The issue of how best to patrol a border can be found in many settings. Important examples include protecting important infrastructure such as airports, preventing the smuggling of illicit items, or defending computers in a network. This thesis contributes to the existing literature by developing two unique models for border patrol.
We begin by introducing a model where a group of smugglers play a game against a single patroller. We investigate how communication and cooperation between the smugglers affect the equilibria in the game. Smugglers are located at different locations along a border and, for each smuggler, a decision is made about whether they will attack. Simultaneously, the patroller chooses one of the locations to defend. Smugglers obtain rewards for making successful attacks, but incur penalty costs if they are caught by the patroller. The reward to an individual smuggler for making a successful attack decreases with the total number of successful attacks made, so that the smugglers obtain diminishing marginal returns as they smuggle larger quantities of items. We define equilibria in three different cases: selfish smugglers without communication, selfish smugglers with communication, and cooperative smugglers. We study the equilibria in each case and establish properties of the associated smuggler and patroller strategies.
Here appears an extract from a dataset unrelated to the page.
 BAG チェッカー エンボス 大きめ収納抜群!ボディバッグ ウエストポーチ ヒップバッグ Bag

We show that communication and cooperation both tend to improve the smugglers’ expected returns, while (perhaps counter-intuitively) the smugglers attack less often when they are cooperating than when they are communicating but acting selfishly.
Our second model considers a similar problem to the first, but we make some important changes to the game. We simplify the payoff structure of the model, however, we are then able to study a repeated game with inter-temporal dependence. The application of the model is examining a group of cooperating smugglers who make regular attempts to bring small amounts of illicit goods across a border. A single patroller has the goal of preventing the smugglers from doing so, but must pay a cost to travel from one location to another. We model the problem as a two-player stochastic game and look to find the Nash equilibrium to gain insight to real world problems. Our framework extends the literature by assuming that the smugglers choose a continuous quantity of contraband, complicating the analysis of the game. We discuss a number of properties of Nash equilibria, including the aggregation of smugglers, the discount factors of the players, and the equivalence to a zero-sum game. Additionally, we present algorithms to find Nash equilibria that are more computationally efficient than existing methods. We also consider certain assumptions on the parameters of the model that give interesting equilibrium strategies for the players.
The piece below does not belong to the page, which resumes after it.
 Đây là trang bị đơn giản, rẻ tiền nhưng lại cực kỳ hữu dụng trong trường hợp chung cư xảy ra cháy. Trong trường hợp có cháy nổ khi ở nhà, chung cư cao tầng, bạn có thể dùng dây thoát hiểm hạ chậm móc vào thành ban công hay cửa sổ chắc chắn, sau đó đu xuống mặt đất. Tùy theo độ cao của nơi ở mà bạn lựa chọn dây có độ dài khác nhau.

Furthermore, we introduce a multiple patroller extension to the second model. The addition of multiple patrollers increases the complexity of the game, and exactly finding Nash equilibria becomes an even more complex task. We describe how we model the multiple patroller extension, and detail why previous methods for the single patroller game no longer apply. Three different techniques to study the game are then discussed. Firstly, we look at a method using subgradient descent to try to find the exact Nash equilibrium in the game. Secondly, we look at two different heuristics for the patroller’s strategy. We first consider the myopic strategy for the patrollers, and then introduce a method of partitioning the border into multiple segments each defended by one patroller. The performance of the heuristics is numerically investigated and used to evaluate the convergence of the subgradient method. Finally, we discuss how reinforcement learning can be applied to our model. We consider two different reinforcement learning approaches, fictitious play and Q-learning, and then provide a numerical analysis of the resulting player behaviours. We conclude with several directions of further work for the multiple patroller problem.